(WHAT IS EXPECTED) All lines below between the line with "1、进入到游戏中,点击主菜单" and the line with "JULIA SteelS stalowa", including both, must be copied exactly, and the pictures must be omitted.

[Opening MATERIAL FOR THIS EXERCISE section]

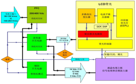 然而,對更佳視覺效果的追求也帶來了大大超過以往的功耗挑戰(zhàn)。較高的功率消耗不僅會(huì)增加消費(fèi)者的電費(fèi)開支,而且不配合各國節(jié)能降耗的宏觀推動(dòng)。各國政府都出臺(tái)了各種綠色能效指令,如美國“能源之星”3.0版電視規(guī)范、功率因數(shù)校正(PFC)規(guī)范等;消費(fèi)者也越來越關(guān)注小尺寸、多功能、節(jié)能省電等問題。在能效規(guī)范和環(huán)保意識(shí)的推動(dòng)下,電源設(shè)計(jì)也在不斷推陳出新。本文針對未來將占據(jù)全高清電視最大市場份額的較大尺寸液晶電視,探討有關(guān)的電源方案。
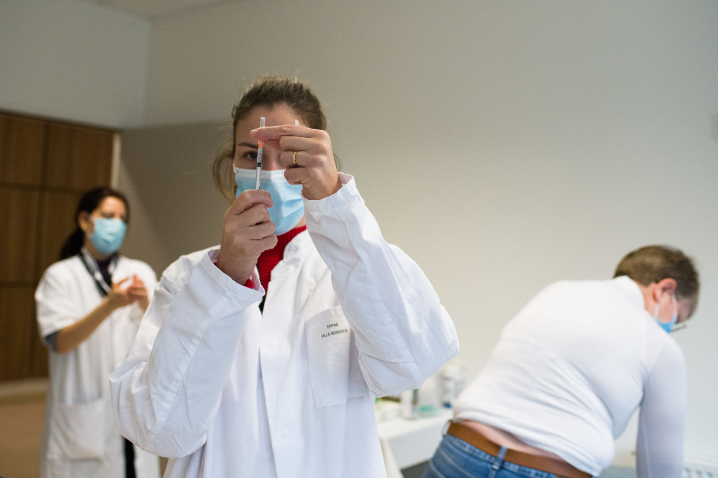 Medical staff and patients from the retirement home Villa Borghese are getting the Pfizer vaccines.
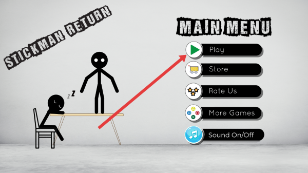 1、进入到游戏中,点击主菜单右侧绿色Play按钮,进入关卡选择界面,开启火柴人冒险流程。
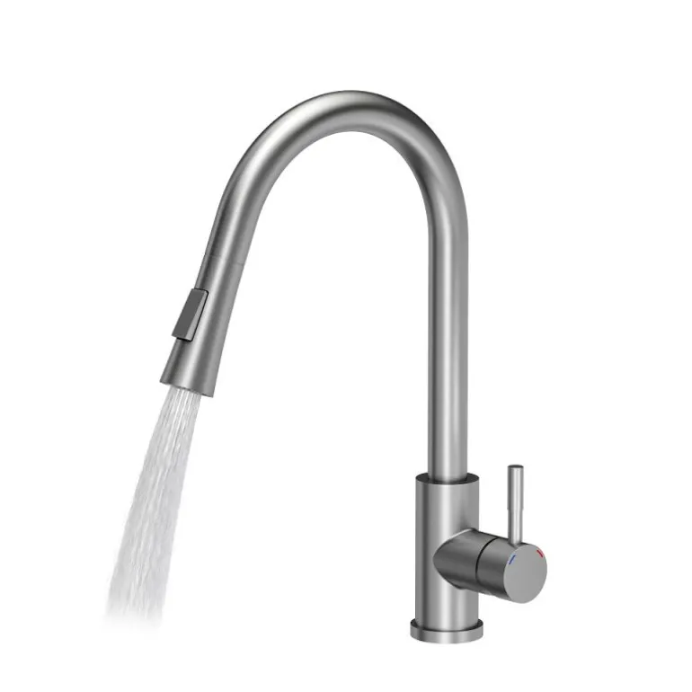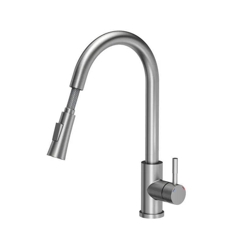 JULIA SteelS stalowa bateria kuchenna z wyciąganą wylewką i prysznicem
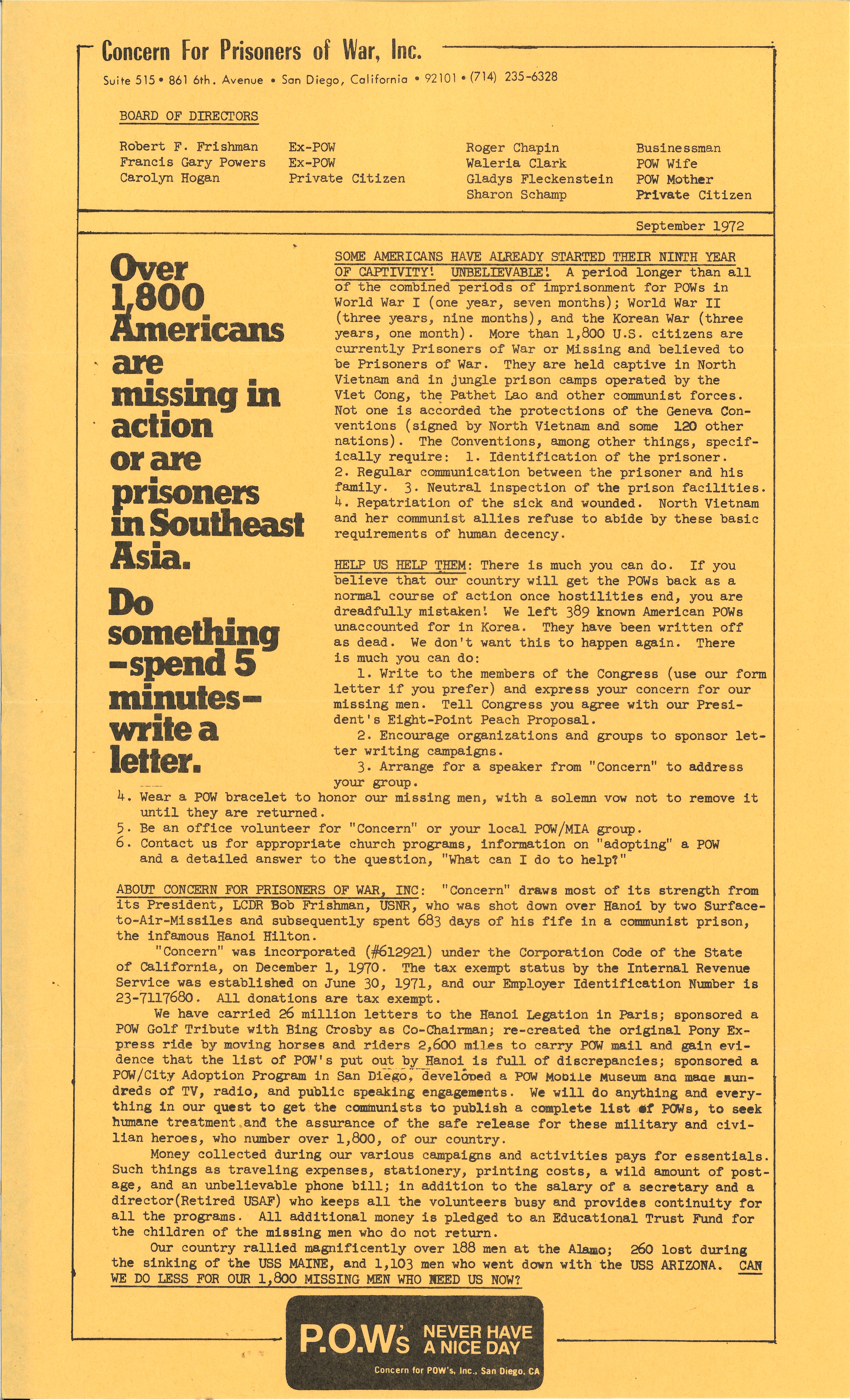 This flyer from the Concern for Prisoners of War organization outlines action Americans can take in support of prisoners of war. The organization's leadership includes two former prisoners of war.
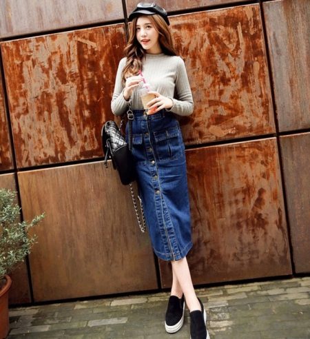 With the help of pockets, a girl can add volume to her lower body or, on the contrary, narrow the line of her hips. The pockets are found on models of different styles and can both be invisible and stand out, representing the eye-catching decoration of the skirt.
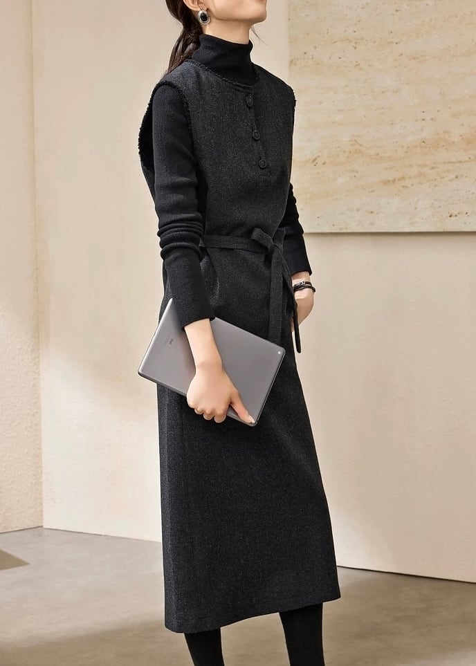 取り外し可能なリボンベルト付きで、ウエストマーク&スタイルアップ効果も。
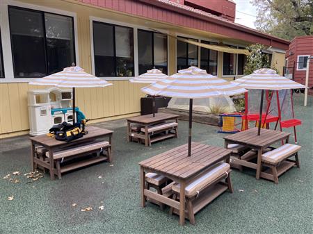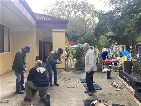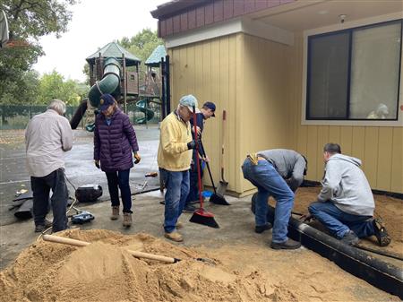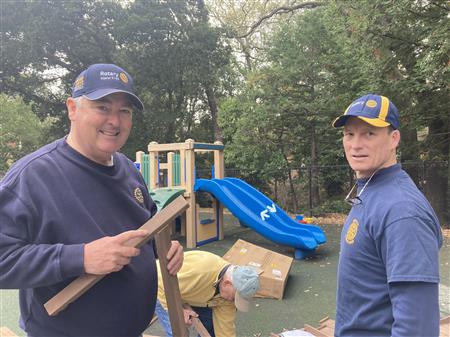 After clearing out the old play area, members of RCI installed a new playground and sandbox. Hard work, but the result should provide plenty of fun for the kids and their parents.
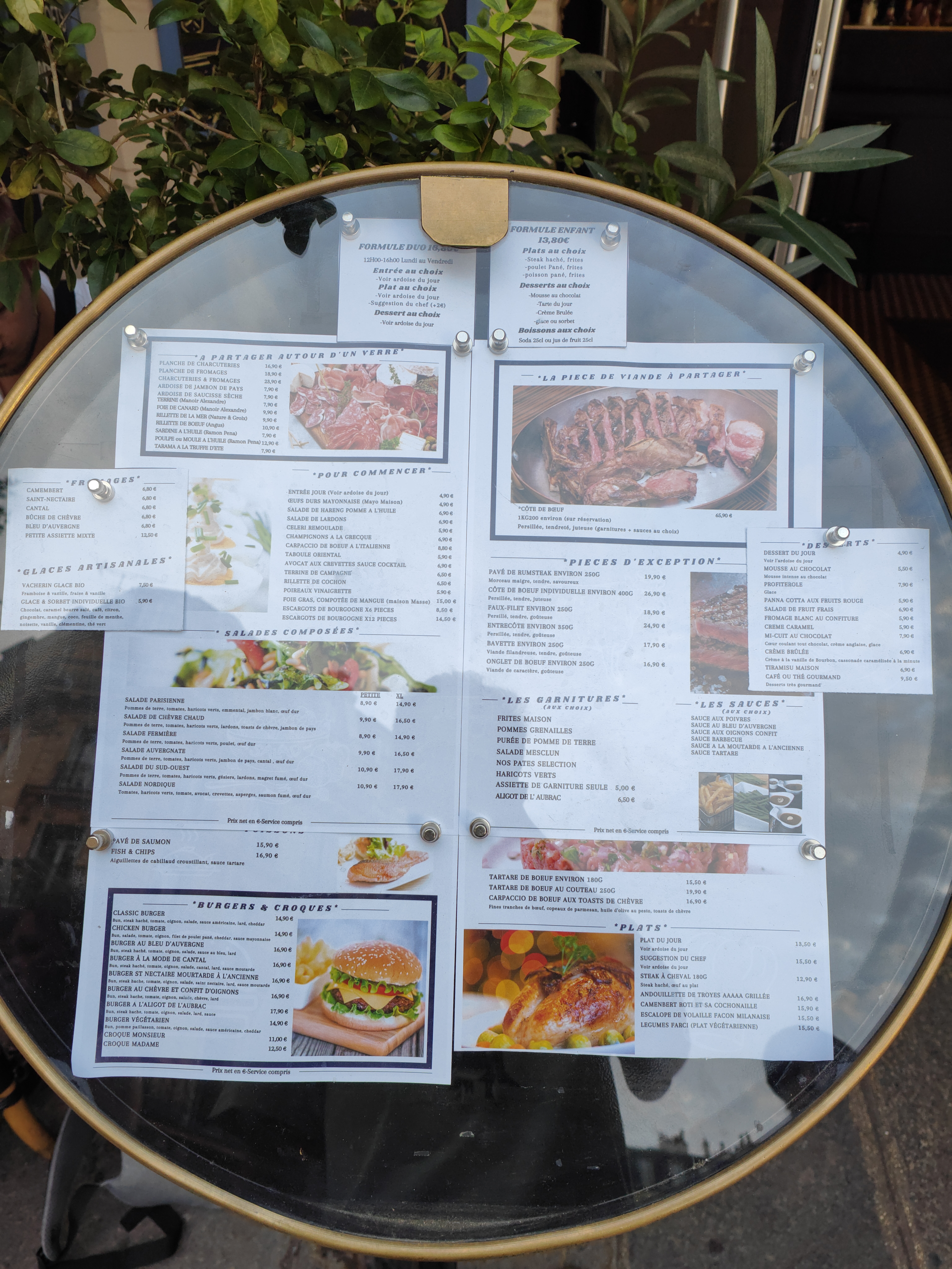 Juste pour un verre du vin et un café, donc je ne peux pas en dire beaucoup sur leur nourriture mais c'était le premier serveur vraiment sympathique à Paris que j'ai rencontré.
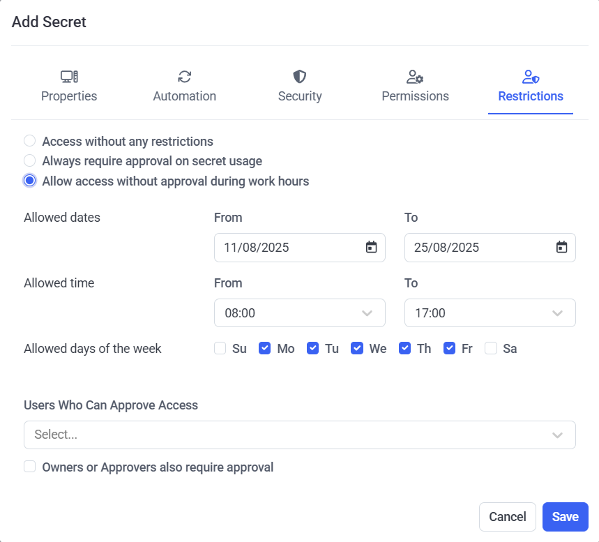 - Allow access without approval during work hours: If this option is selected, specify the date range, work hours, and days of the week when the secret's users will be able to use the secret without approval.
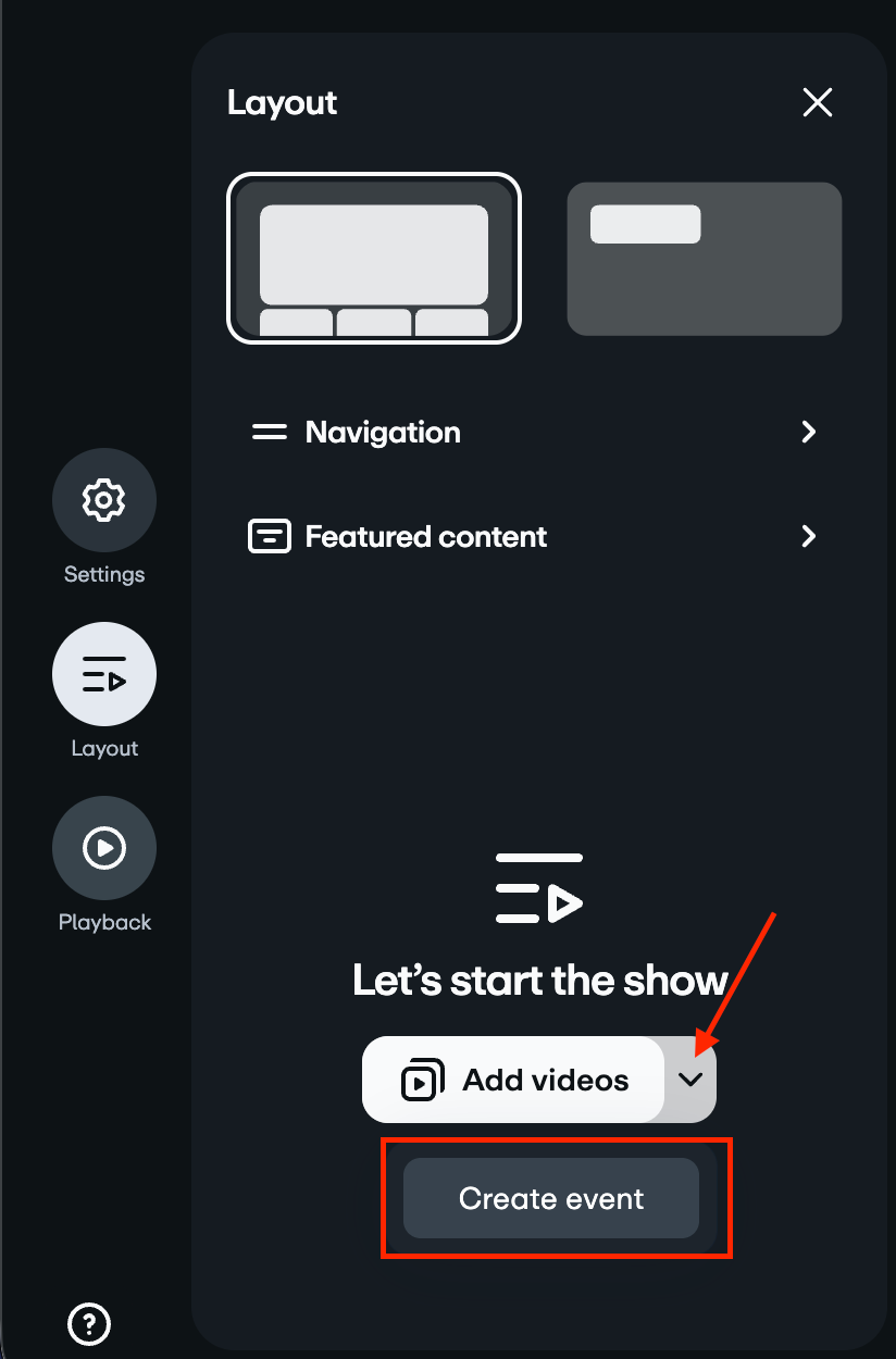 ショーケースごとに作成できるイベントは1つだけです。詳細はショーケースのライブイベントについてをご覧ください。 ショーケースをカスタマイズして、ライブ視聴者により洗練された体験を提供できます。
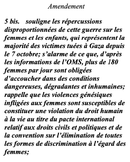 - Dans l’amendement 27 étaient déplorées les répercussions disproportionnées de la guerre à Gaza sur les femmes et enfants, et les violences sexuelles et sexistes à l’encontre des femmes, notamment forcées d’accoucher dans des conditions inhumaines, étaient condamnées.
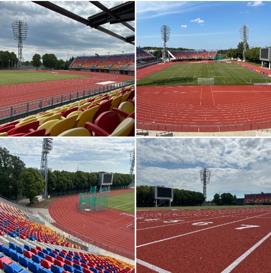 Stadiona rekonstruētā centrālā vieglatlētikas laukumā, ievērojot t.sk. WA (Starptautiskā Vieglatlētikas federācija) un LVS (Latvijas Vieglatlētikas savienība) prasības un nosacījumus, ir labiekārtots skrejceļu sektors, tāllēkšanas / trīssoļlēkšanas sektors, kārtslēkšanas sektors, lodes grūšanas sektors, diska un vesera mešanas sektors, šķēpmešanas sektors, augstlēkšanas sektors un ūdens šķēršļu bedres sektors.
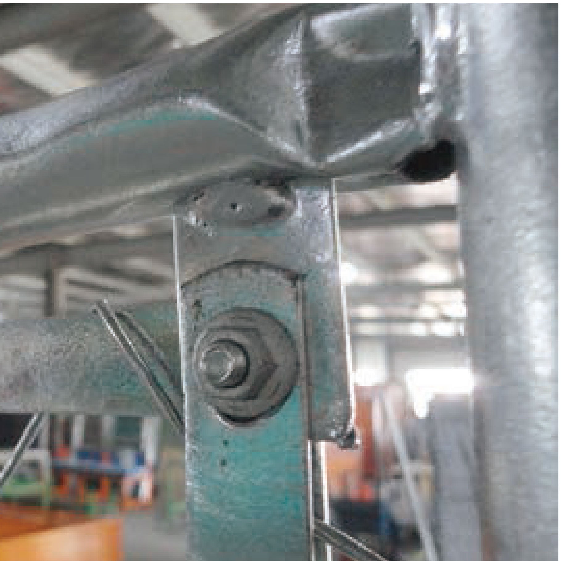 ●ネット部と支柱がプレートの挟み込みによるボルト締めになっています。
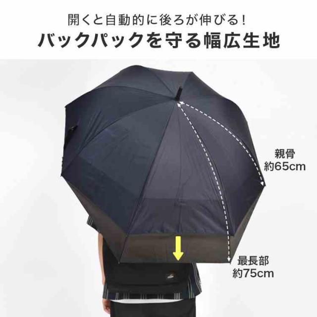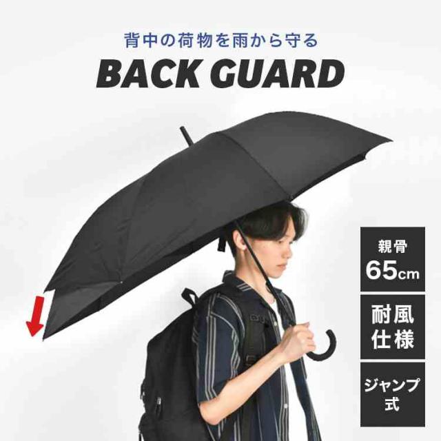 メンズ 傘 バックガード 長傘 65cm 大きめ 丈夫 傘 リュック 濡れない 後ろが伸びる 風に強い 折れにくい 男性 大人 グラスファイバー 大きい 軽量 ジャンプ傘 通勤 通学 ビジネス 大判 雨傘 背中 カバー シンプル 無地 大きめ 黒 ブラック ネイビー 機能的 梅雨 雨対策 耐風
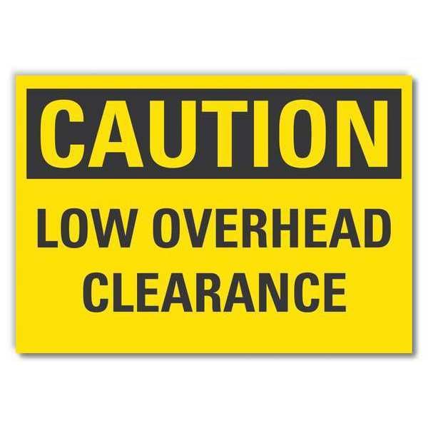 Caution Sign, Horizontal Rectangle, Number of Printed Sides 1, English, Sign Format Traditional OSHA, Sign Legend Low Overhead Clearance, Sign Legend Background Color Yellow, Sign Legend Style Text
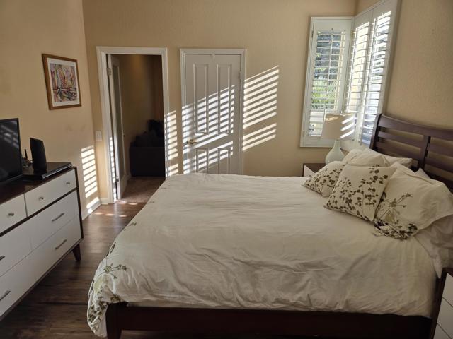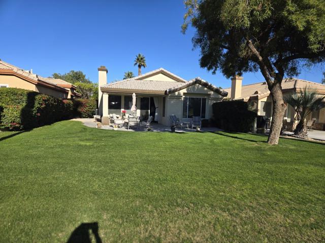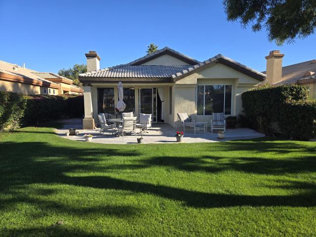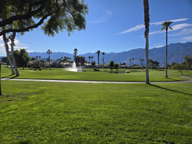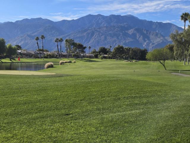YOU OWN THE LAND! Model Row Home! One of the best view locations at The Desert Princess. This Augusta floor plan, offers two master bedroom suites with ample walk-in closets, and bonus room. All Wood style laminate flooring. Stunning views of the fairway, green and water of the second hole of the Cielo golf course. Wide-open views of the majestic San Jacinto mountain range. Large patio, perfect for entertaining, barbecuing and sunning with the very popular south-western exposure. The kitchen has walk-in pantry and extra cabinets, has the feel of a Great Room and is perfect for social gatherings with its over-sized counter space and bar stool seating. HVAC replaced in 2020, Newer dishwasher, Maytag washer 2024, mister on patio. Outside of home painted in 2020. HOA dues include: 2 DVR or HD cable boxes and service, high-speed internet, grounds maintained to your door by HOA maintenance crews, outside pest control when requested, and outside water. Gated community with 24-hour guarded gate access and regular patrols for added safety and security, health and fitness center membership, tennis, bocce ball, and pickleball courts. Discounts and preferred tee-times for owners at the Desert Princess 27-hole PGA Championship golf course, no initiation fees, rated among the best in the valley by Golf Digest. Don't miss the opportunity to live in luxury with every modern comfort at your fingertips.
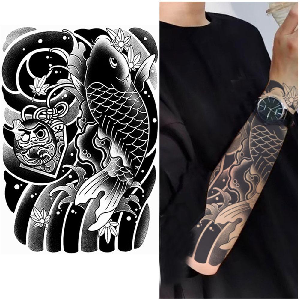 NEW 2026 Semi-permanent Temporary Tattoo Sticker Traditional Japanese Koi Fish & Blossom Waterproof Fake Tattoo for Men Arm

[Closing MATERIAL FOR THIS EXERCISE section]

(ANSWER SECTION)
 1、进入到游戏中,点击主菜单右侧绿色Play按钮,进入关卡选择界面,开启火柴人冒险流程。
 JULIA SteelS stalowa bateria kuchenna z wyciąganą wylewką i prysznicem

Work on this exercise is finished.